_ACTIVITY_
Copy the lines from the start of the records below through the line containing "Jeśli takie grymasy", both included, and leave out the pictures.

_GIVEN RECORDS_

++++++++

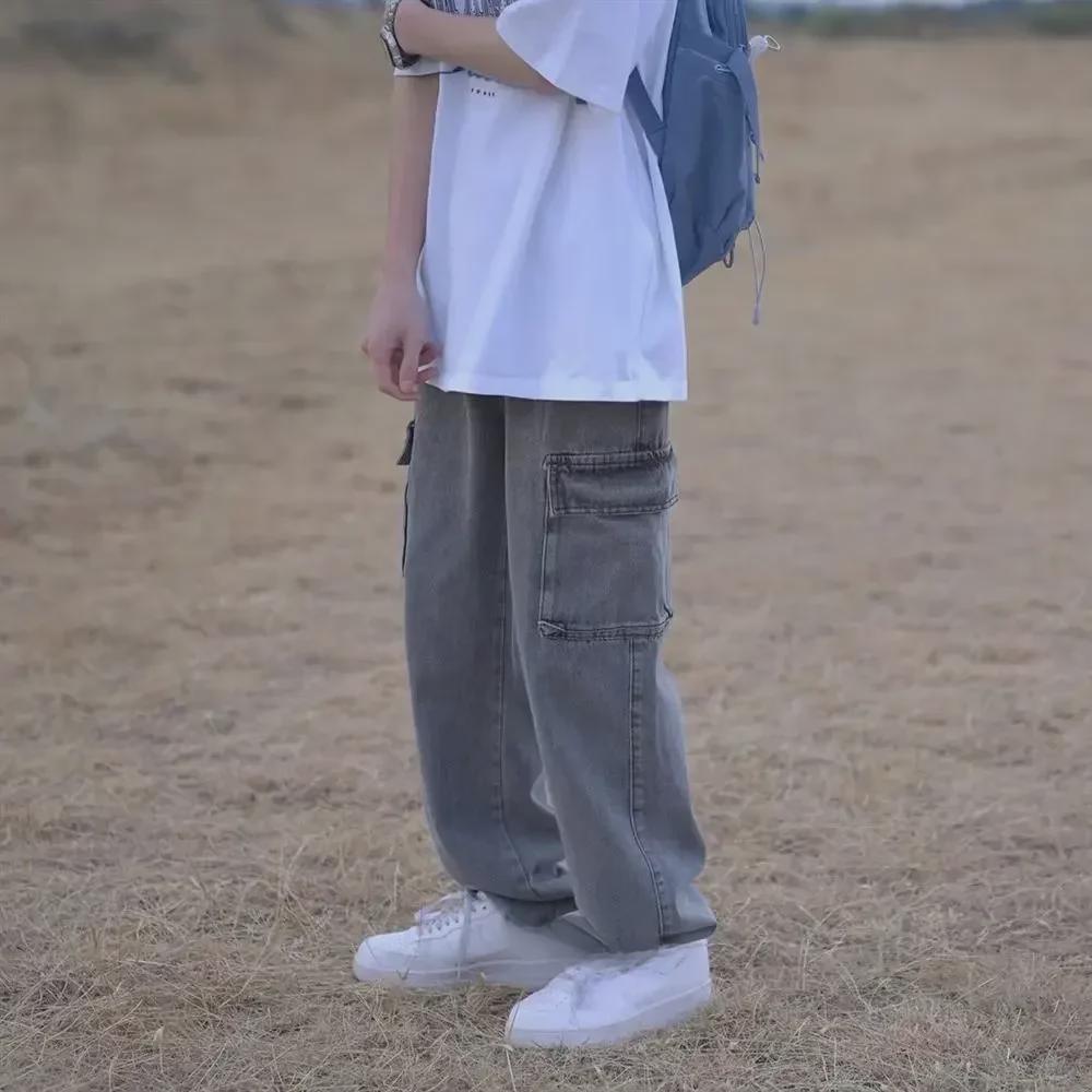Мужские модные синие джинсы прямого покроя в японском стиле с широкими штанинами и встроенным поясом 3XL черный серый
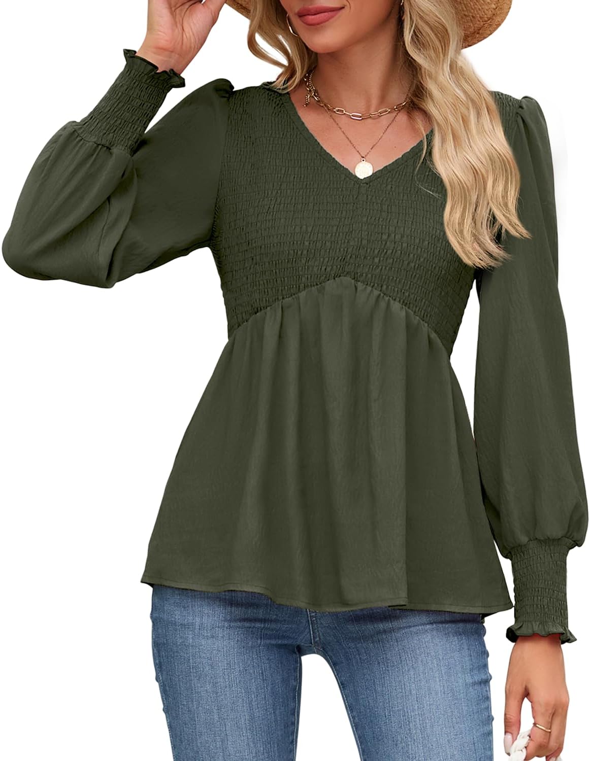 HEYTALALA Womens Long Sleeve Shirts V Neck Peplum Tops Dressy Casual Smocked Babydoll Blouses 2025 Fall Trendy Outfits
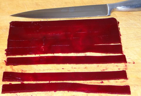 I put the sheet of beetroot jelly on a cutting board.
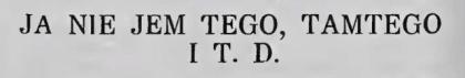 Jeśli takie grymasy stanowią trudność w życiu codziennem, to stokroć gorsze mają w życiu masowem – na przykład w pensjonatach. (…) Sekretem monotonji odżywiania W większości pensjonatów jest właśnie niejedzenie szeregu dań przez gości. Zagranicą z takimi gośćmi nie robi się dużo ceremonji. Jadłospis jest taki, jaki daje się ułożyć stosownie do pory roku i możliwości rynkowych; kto czegoś z tych potraw jeść nie chce – może nie jeść i pozostać głodny, albo też obstalować sobie inne danie po znacznie wyższej cenie.
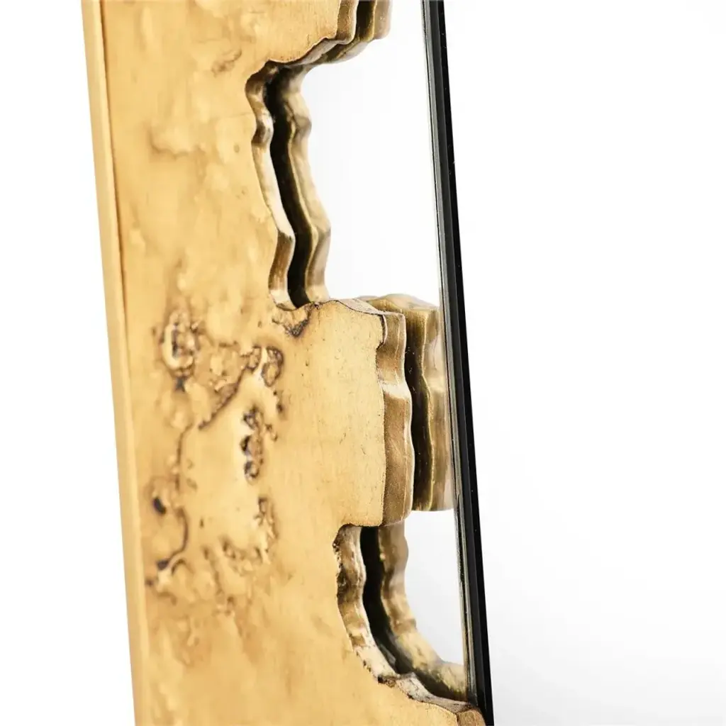 The Weathered Edge Mirror is a sophisticated piece that elevates ornate tones with stunning textural depth. The slender beech wood frame contains a square mirror with elegant bevels and features a slim, weathered look in a gorgeous Gold Coast finish. This mirror is installed using four-way cleats and may be displayed in vertical or horizontal orientations.
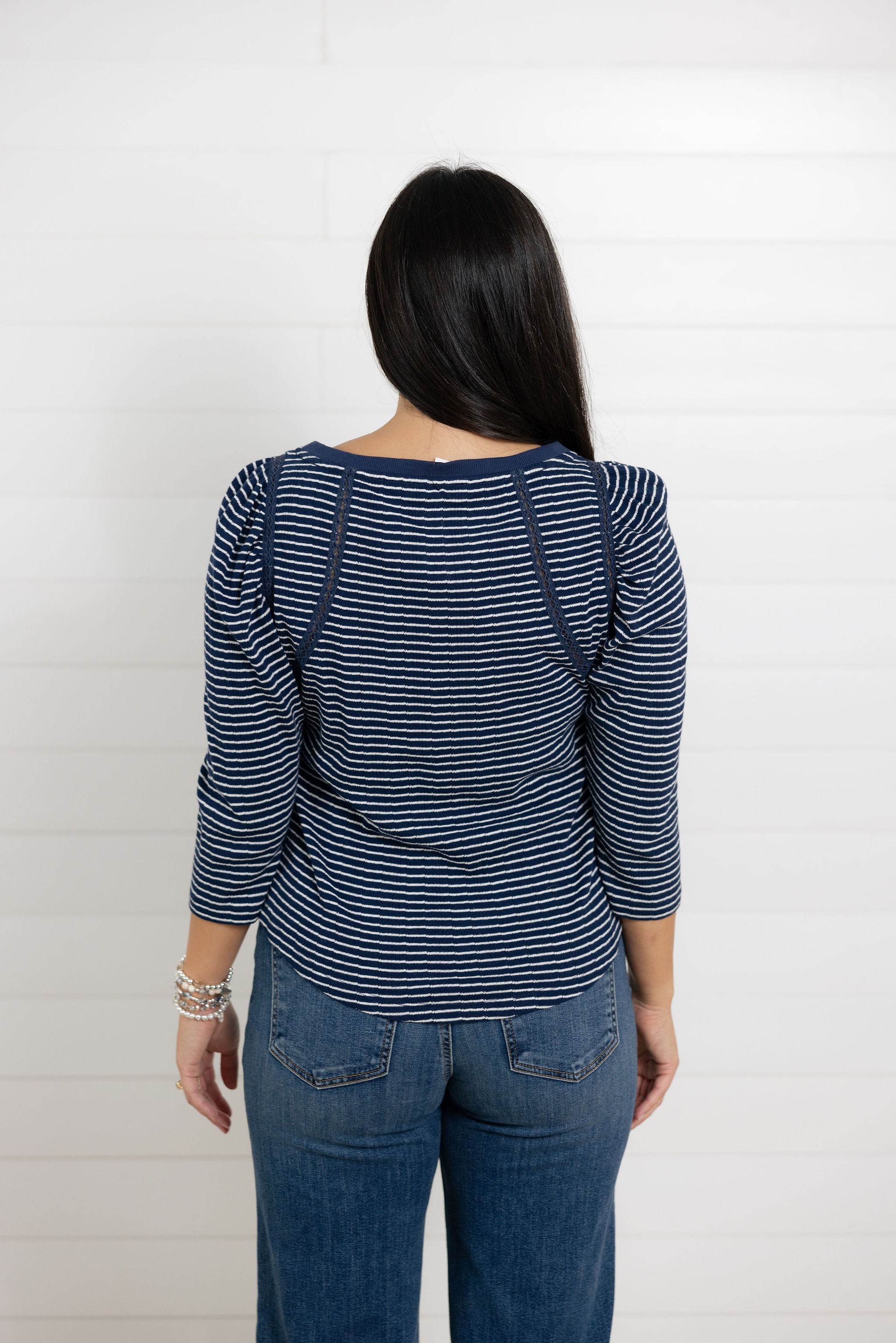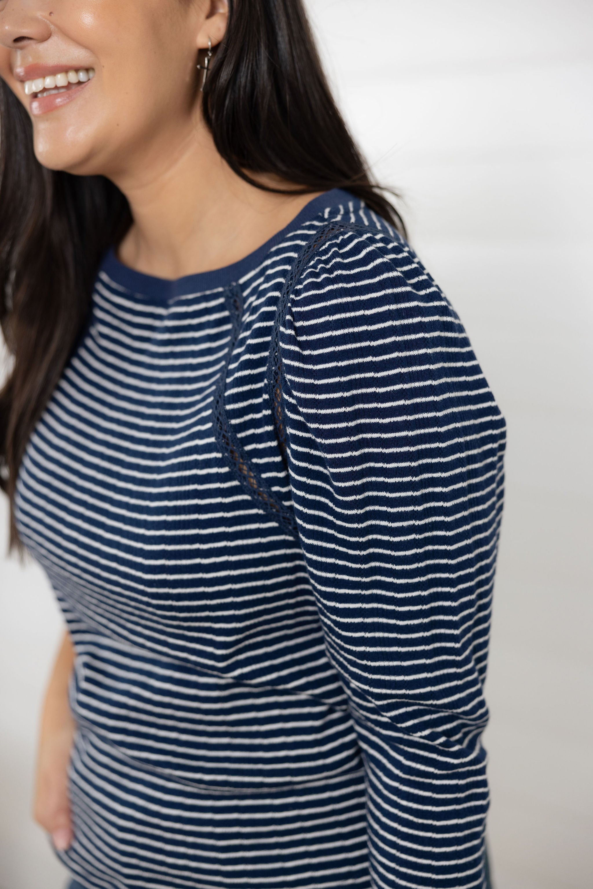 TheĀ Lace Inset Striped TopĀ is the perfect blend of easygoing and elevated. Made from soft cotton knit, this top features timeless stripes paired with delicate crochet detailing for a subtle, feminine upgrade. The boat neckline and three-quarter puff sleeves create a flattering, polished silhouette, while the round hem keeps it comfortable and easy to wear. Effortless yet special, this is one of those tops that instantly pulls an outfit together.

++++++++

_SOLUTION TO THIS TASK_
Мужские модные синие джинсы прямого покроя в японском стиле с широкими штанинами и встроенным поясом 3XL черный серый
 HEYTALALA Womens Long Sleeve Shirts V Neck Peplum Tops Dressy Casual Smocked Babydoll Blouses 2025 Fall Trendy Outfits
 I put the sheet of beetroot jelly on a cutting board.
 Jeśli takie grymasy stanowią trudność w życiu codziennem, to stokroć gorsze mają w życiu masowem – na przykład w pensjonatach. (…) Sekretem monotonji odżywiania W większości pensjonatów jest właśnie niejedzenie szeregu dań przez gości. Zagranicą z takimi gośćmi nie robi się dużo ceremonji. Jadłospis jest taki, jaki daje się ułożyć stosownie do pory roku i możliwości rynkowych; kto czegoś z tych potraw jeść nie chce – może nie jeść i pozostać głodny, albo też obstalować sobie inne danie po znacznie wyższej cenie.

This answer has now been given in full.